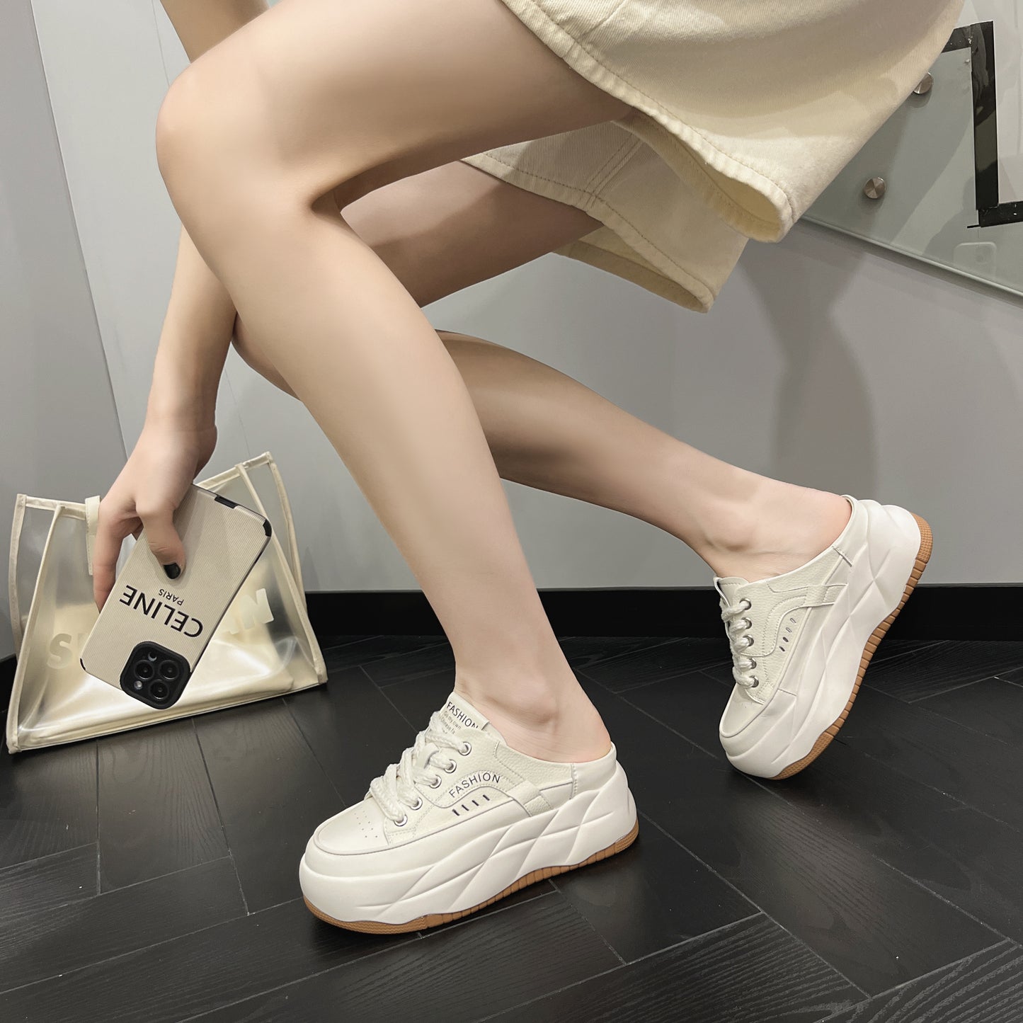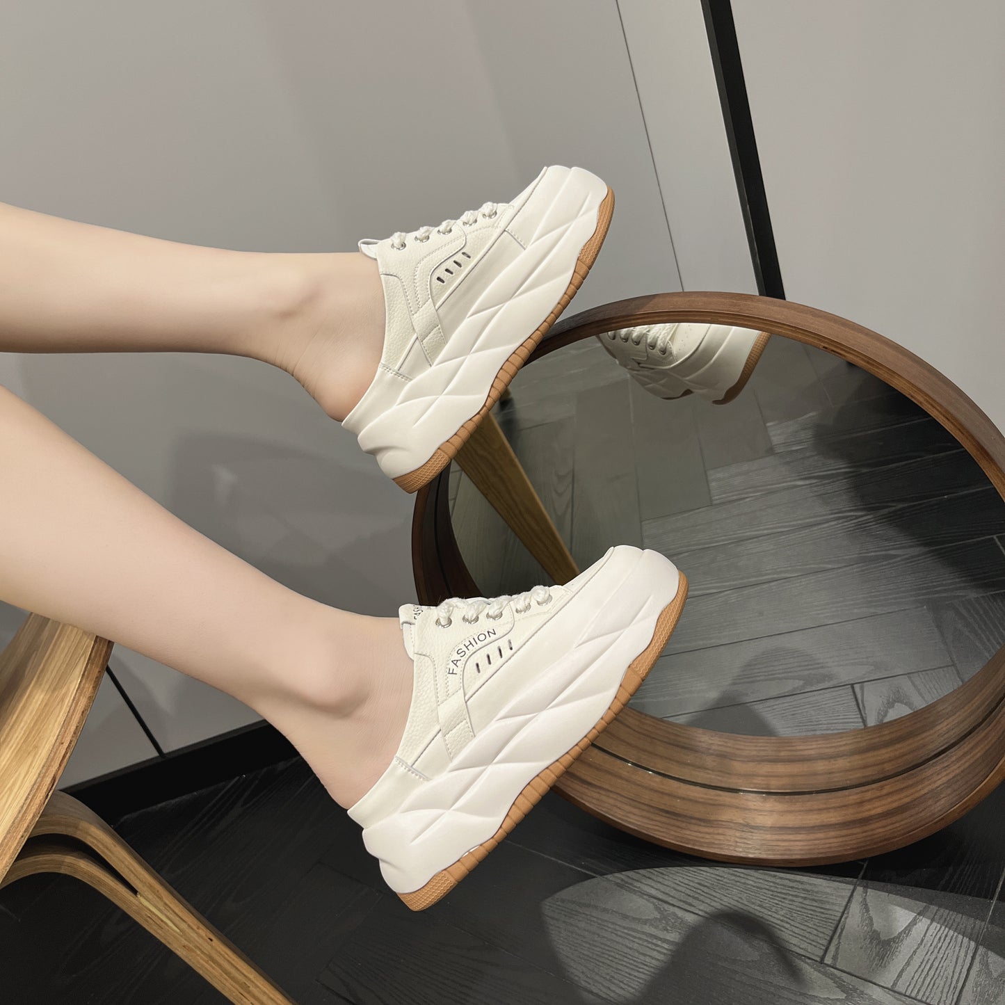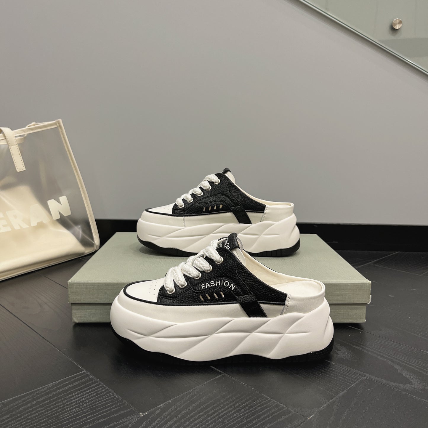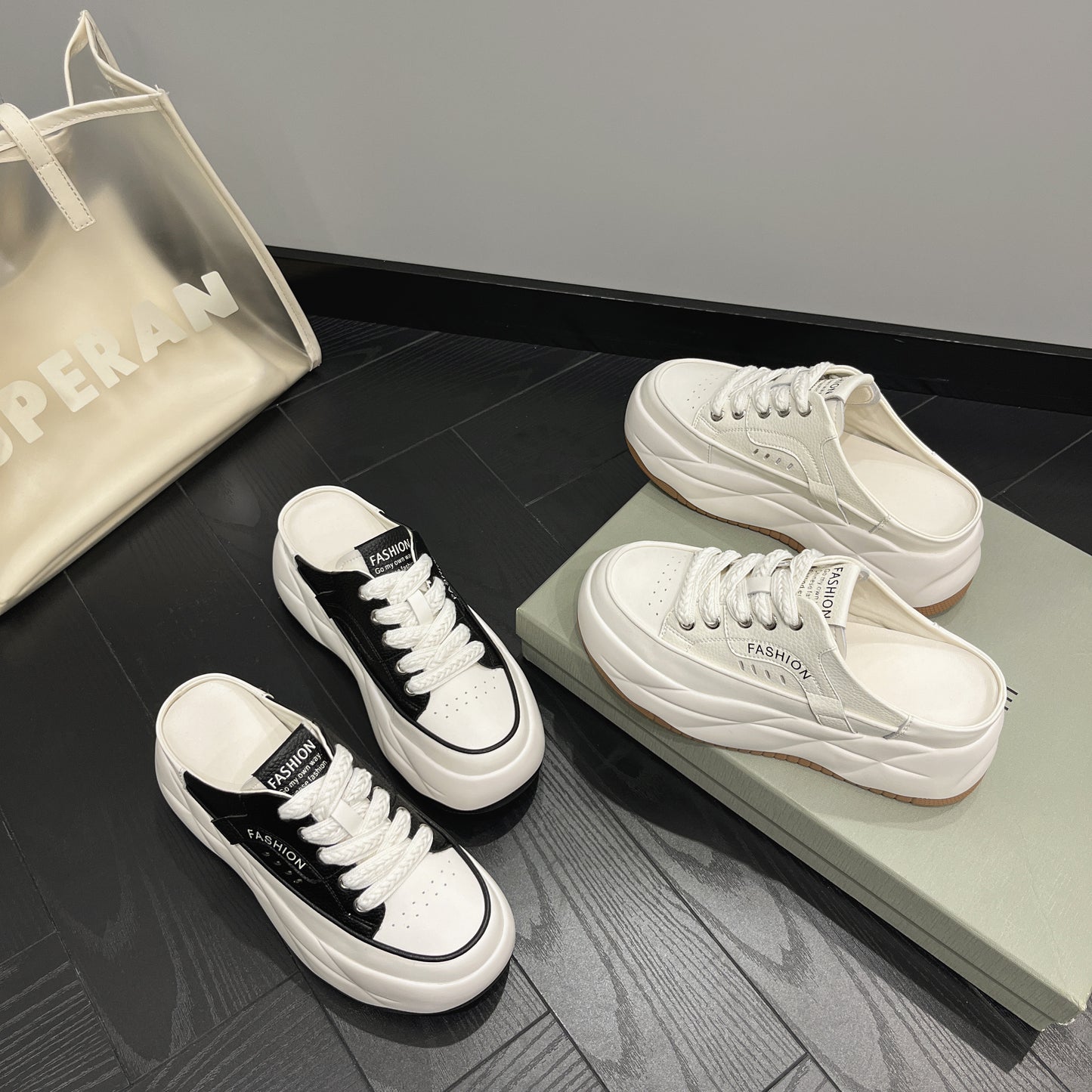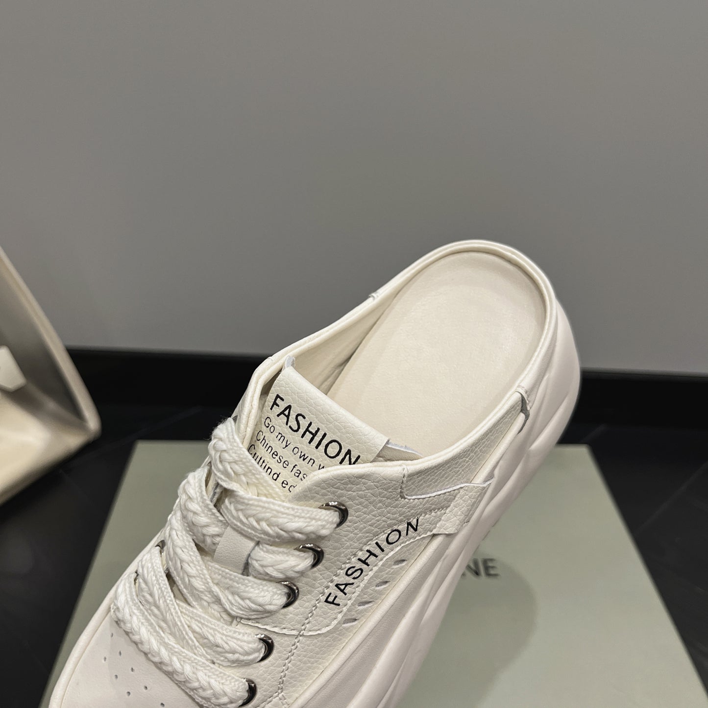 - Fason sneakersów mule – odkryta pięta, nowoczesny look
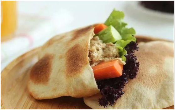 全麦皮塔饼和鹰嘴豆泥(Hummus with whole wheat pita)是完美的搭配,很多阿拉伯人用皮塔饼蘸著鹰嘴豆泥吃就是一顿最常见的饭餐了。
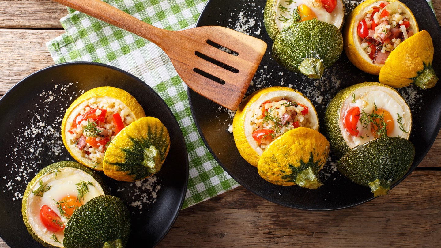 1. Für das Sommergemüse die Zucchini und Spitzpaprika abbrausen und trocknen. Zucchini der Länge nach halbieren und mit einem Teelöffel aushöhlen, Inneres in einen Rührbecher geben und beiseitestellen. Paprika der Länge nach halbieren und entkernen. Zucchini und Paprika innen leicht salzen.
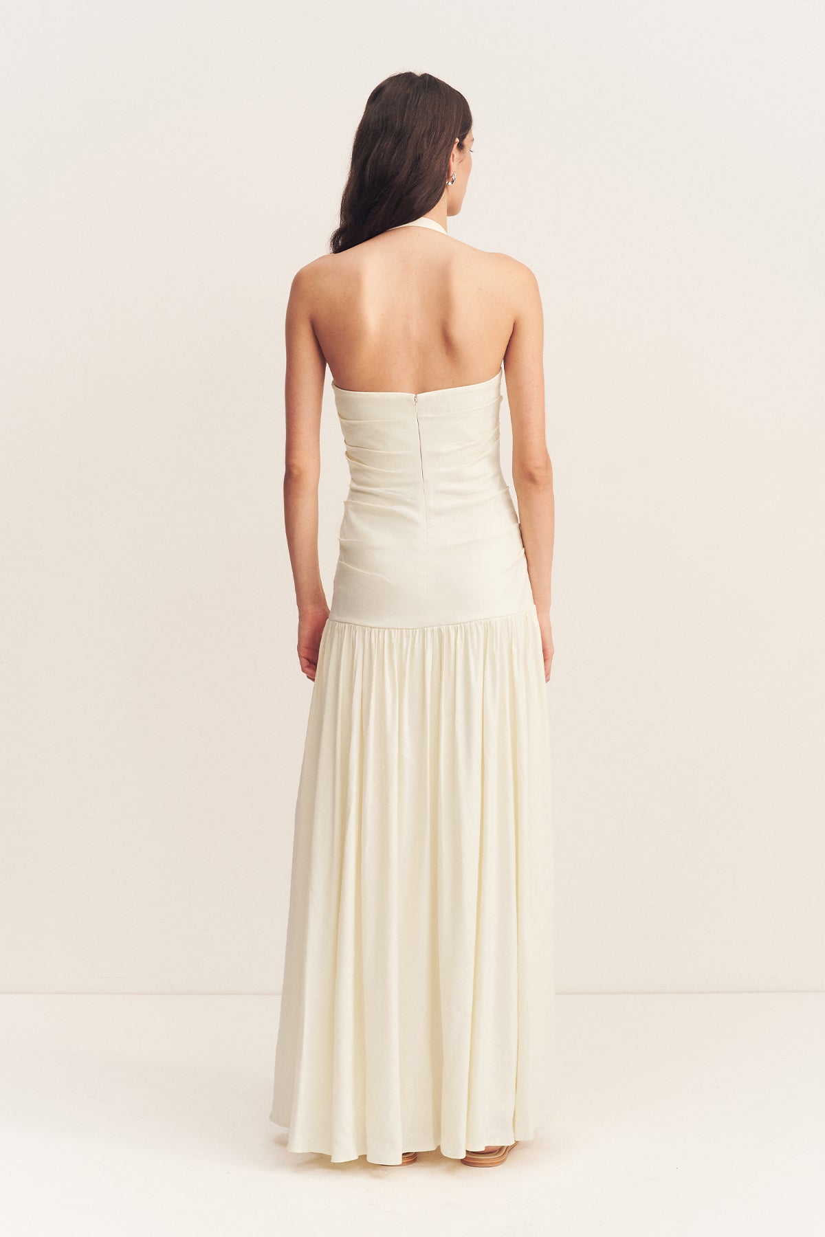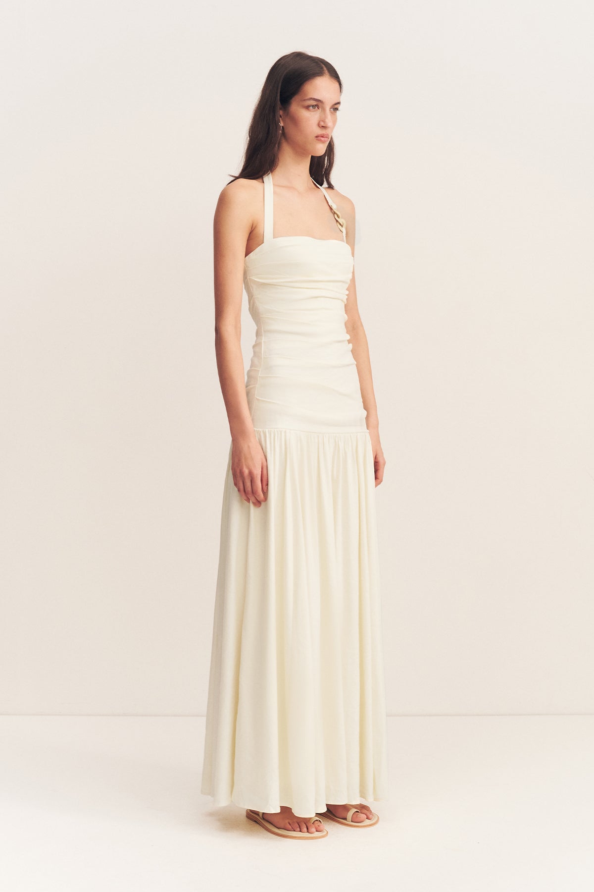 HADLEY DRAPED HALTER NECK MAXI DRESS - CHALK
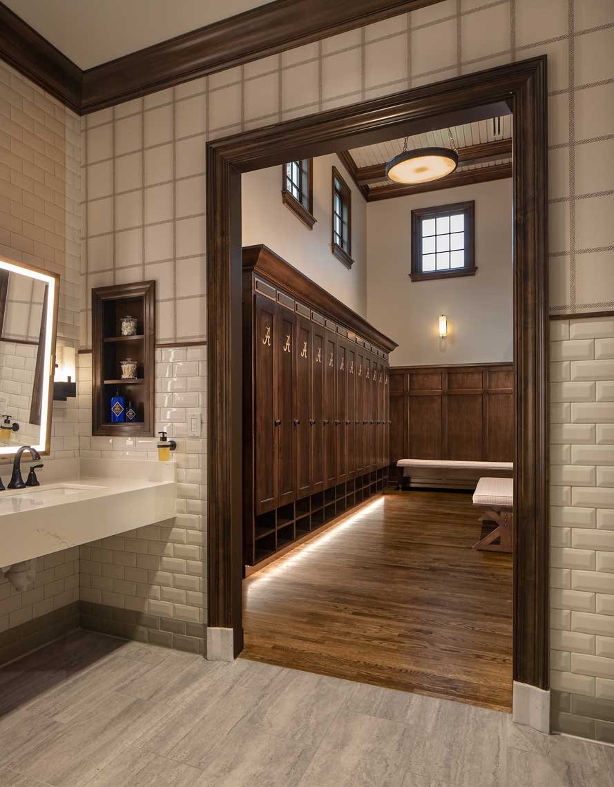 A view of the men's locker room at the University of Alabama Golf Practice Facility, highlighting the wood lockers, sink area, and custom finishes.
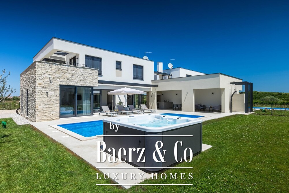 Townhouse Brtonigla stands enveloped by greenery and mature olive groves in the tranquil heart of Istria. This 264 m² contemporary villa is conceived for privacy and flexible living, offering a refined retreat suitable as a private residence or an income-generating investment. Upon entering, a fluid ground floor layout reveals a spacious open living area, a sleek kitchen, and dining room. Practical features including storage and a technical room ensure an ease of daily life, while a bedroom with en suite bathroom enjoys direct access to the pool. The guest toilet with laundry space supports functionality.
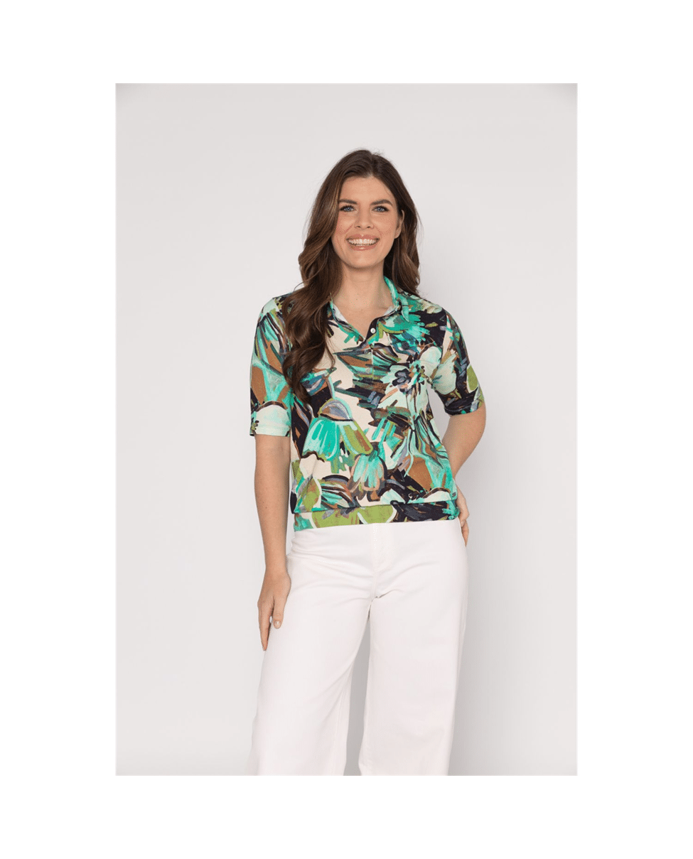 Blouson dames T-shirt met polo kraag van Roberto Sarto in een frisse A.Green-Mint print met geschilderde bloemen. De combinatie van mint, groen en zachte natuurtinten geeft dit item een zomerse, levendige uitstraling. Perfect op een lichte broek of denim voor een comfortabele maar verzorgde look.
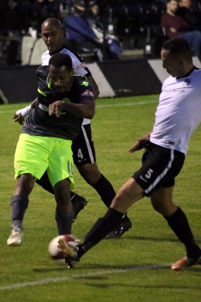 After McGovern unsuccessfully shot from 18-yards for the Steelmen, as Gyasi continued to tease the home side’s defence, Corby’s frustration boiled over. Captain Kernm Miller forcefully body-checked Gyasi, resulting in the game’s first, and last, booking.
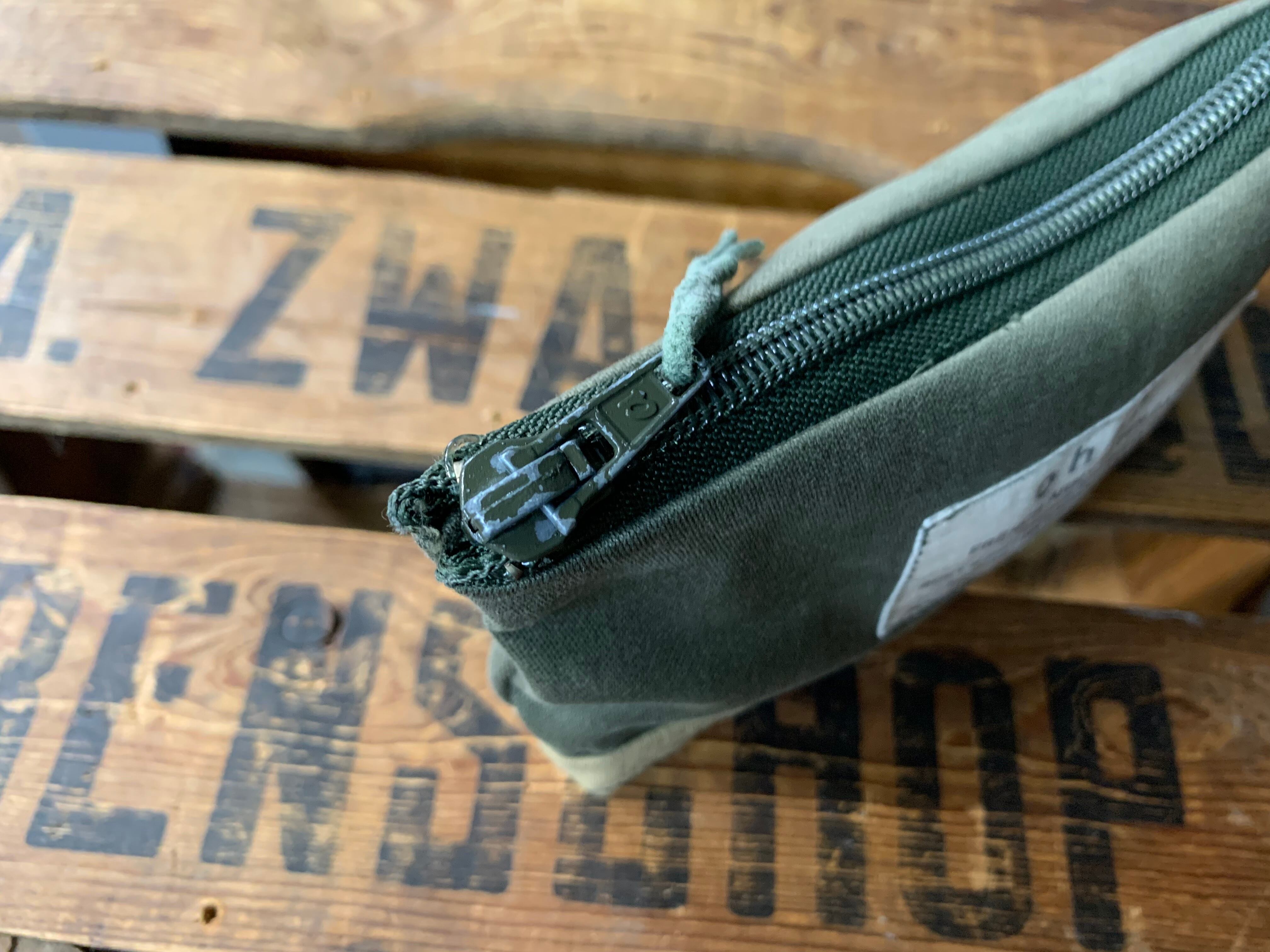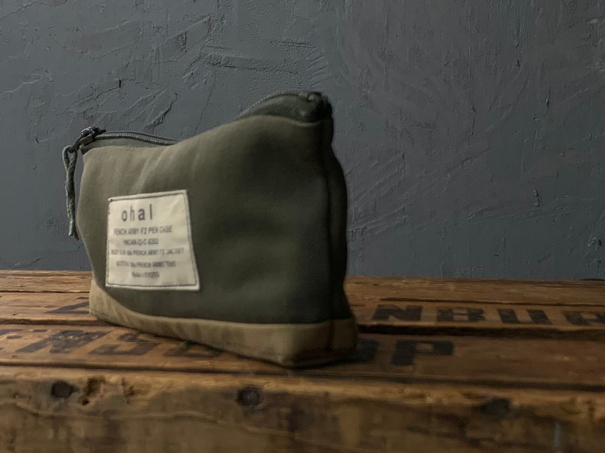 ボディーは80年代のフランス軍のF2ジャケットの生地で、ファスナーとタグも同じジャケットについていた物を利用しています。ボトムは60年代頃のフランス軍のテント生地です。

WHAT YOU ARE ASKED TO DO - Would you set down only the lines above from the line with "HADLEY DRAPED HALTER NECK MAXI DRESS - CHALK" to the line with "A view of the", both included, exactly as they stand and without the pictures?

RESULT -
 HADLEY DRAPED HALTER NECK MAXI DRESS - CHALK
 A view of the men's locker room at the University of Alabama Golf Practice Facility, highlighting the wood lockers, sink area, and custom finishes.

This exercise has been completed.